> [Work request]
Could you write out, exactly, every line from the top of the data through the line holding "1/2 финала Единой"? Omit the pictures.

> [Data provided]
========================================

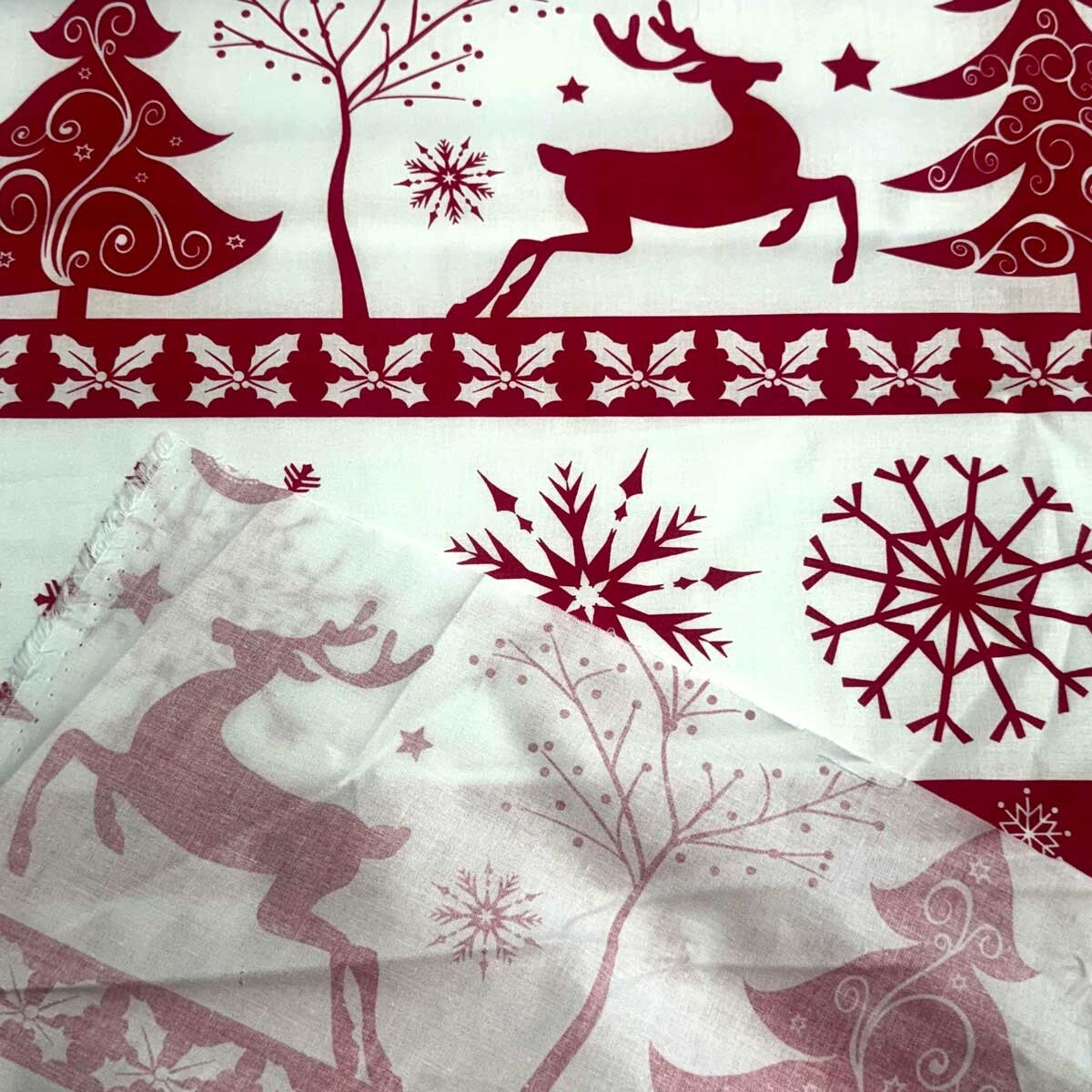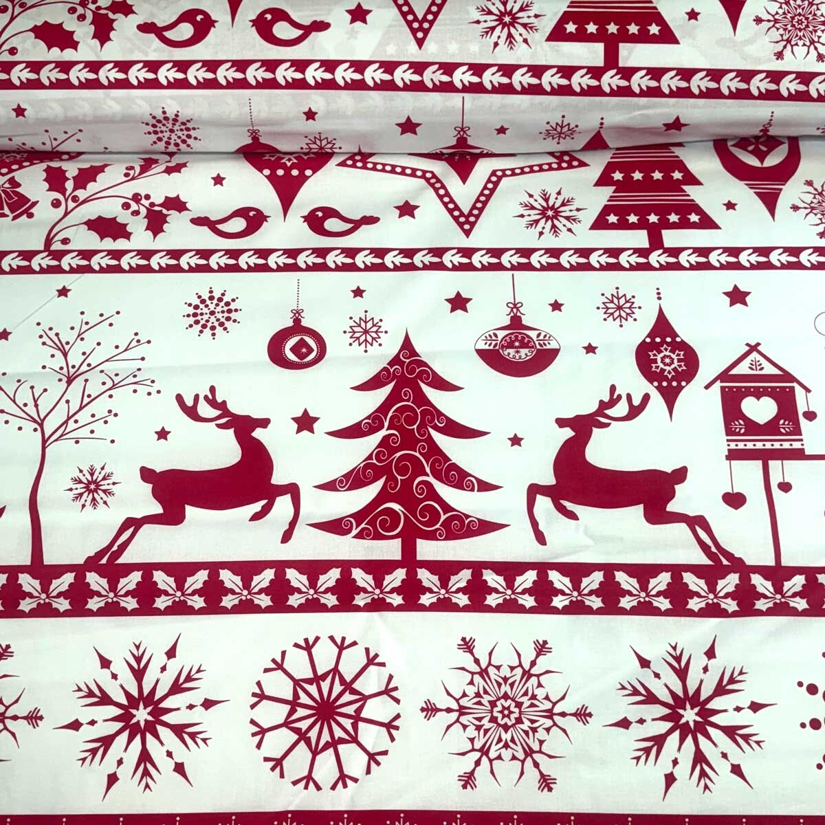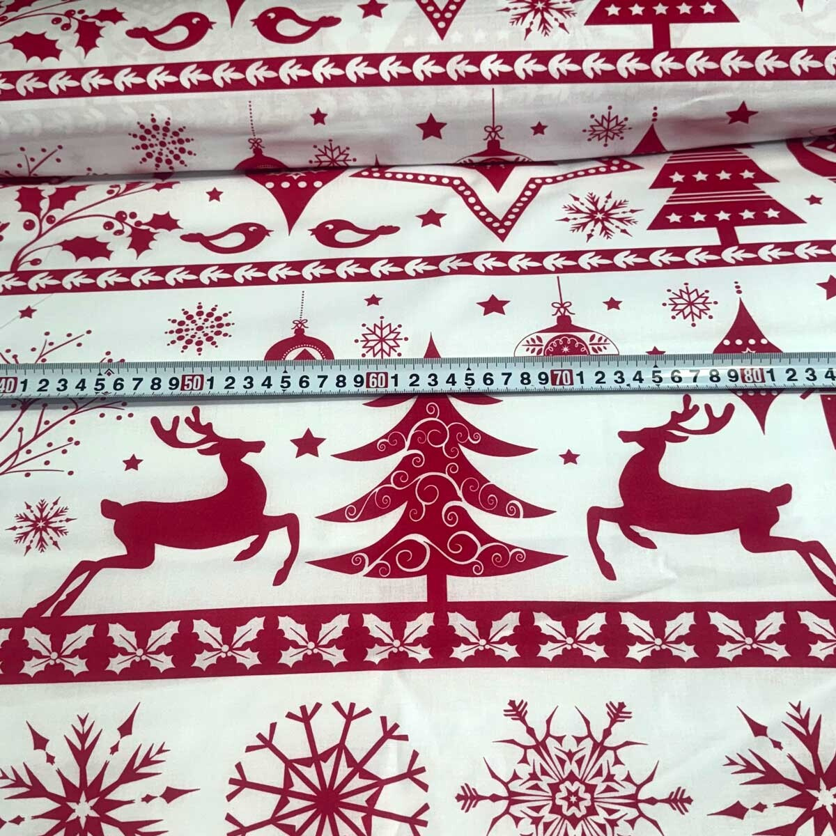 Decorative cotton fabric with a Christmas pattern brings festive joy to your home.
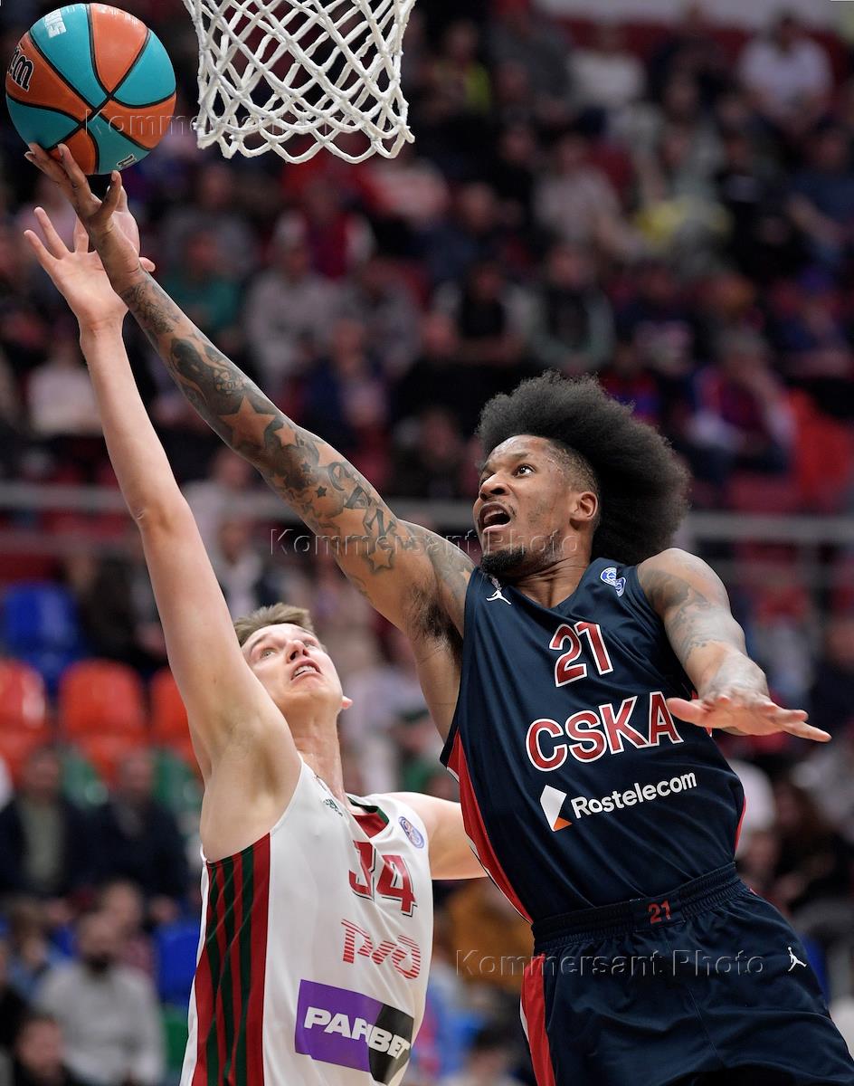 1/2 финала Единой Лиги ВТБ. Матч между командами ЦСКА (Москва) - "Локомотив - Кубань" (Краснодар) на стадионе "Мегаспорт". Игрок команды ЦСКА Уилл Клайберн (справа) во время матча.
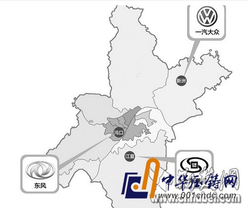 三大汽車集團將在武漢聚首。2006年東風汽車公司將總部從十堰遷至武漢,揭開了武漢打造“中國車都”的雛形。2012年10月,上海通用的新基地選址江夏,與東風集團僅一江之隔。加上將在新洲建廠的一汽大眾,武漢成為中國首個坐擁三大汽車集團的城市。

========================================

> [Answer to the exercise]
 Decorative cotton fabric with a Christmas pattern brings festive joy to your home.
 1/2 финала Единой Лиги ВТБ. Матч между командами ЦСКА (Москва) - "Локомотив - Кубань" (Краснодар) на стадионе "Мегаспорт". Игрок команды ЦСКА Уилл Клайберн (справа) во время матча.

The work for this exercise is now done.